*What you are asked to do*.
Please go line by line and repeat the data below exactly, with no images.

(Items from a dataset)
>>>

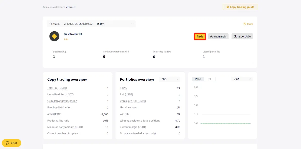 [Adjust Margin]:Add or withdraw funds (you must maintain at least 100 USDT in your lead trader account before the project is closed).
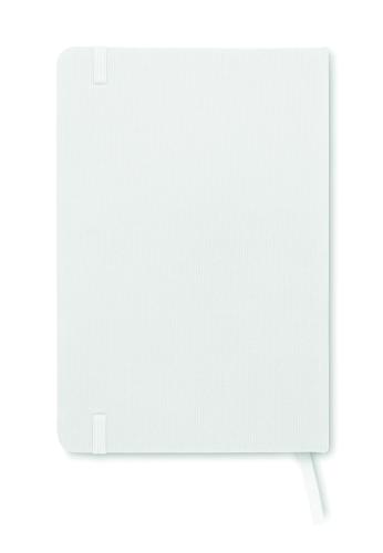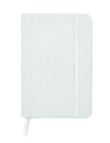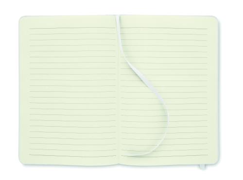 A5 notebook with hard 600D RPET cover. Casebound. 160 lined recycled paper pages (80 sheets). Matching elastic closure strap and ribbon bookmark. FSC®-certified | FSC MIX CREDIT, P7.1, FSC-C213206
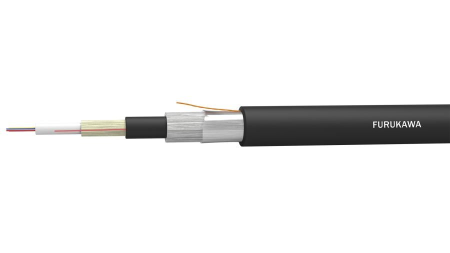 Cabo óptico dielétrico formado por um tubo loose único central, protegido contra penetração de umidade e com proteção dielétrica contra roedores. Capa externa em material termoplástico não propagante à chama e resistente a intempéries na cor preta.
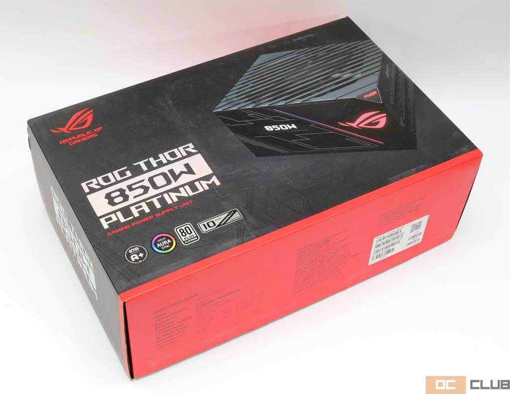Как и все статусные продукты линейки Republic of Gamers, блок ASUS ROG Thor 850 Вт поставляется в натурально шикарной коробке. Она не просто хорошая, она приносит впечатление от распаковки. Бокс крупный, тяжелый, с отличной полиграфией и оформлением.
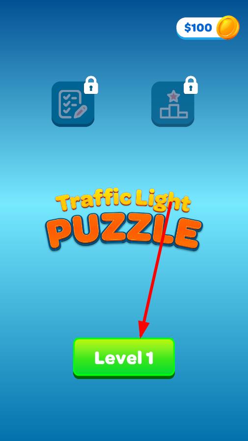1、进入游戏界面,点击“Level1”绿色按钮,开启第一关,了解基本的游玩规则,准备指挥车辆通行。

<<<

*Answer to this problem*.
 [Adjust Margin]:Add or withdraw funds (you must maintain at least 100 USDT in your lead trader account before the project is closed).
 A5 notebook with hard 600D RPET cover. Casebound. 160 lined recycled paper pages (80 sheets). Matching elastic closure strap and ribbon bookmark. FSC®-certified | FSC MIX CREDIT, P7.1, FSC-C213206
 Cabo óptico dielétrico formado por um tubo loose único central, protegido contra penetração de umidade e com proteção dielétrica contra roedores. Capa externa em material termoplástico não propagante à chama e resistente a intempéries na cor preta.
Как и все статусные продукты линейки Republic of Gamers, блок ASUS ROG Thor 850 Вт поставляется в натурально шикарной коробке. Она не просто хорошая, она приносит впечатление от распаковки. Бокс крупный, тяжелый, с отличной полиграфией и оформлением.
1、进入游戏界面,点击“Level1”绿色按钮,开启第一关,了解基本的游玩规则,准备指挥车辆通行。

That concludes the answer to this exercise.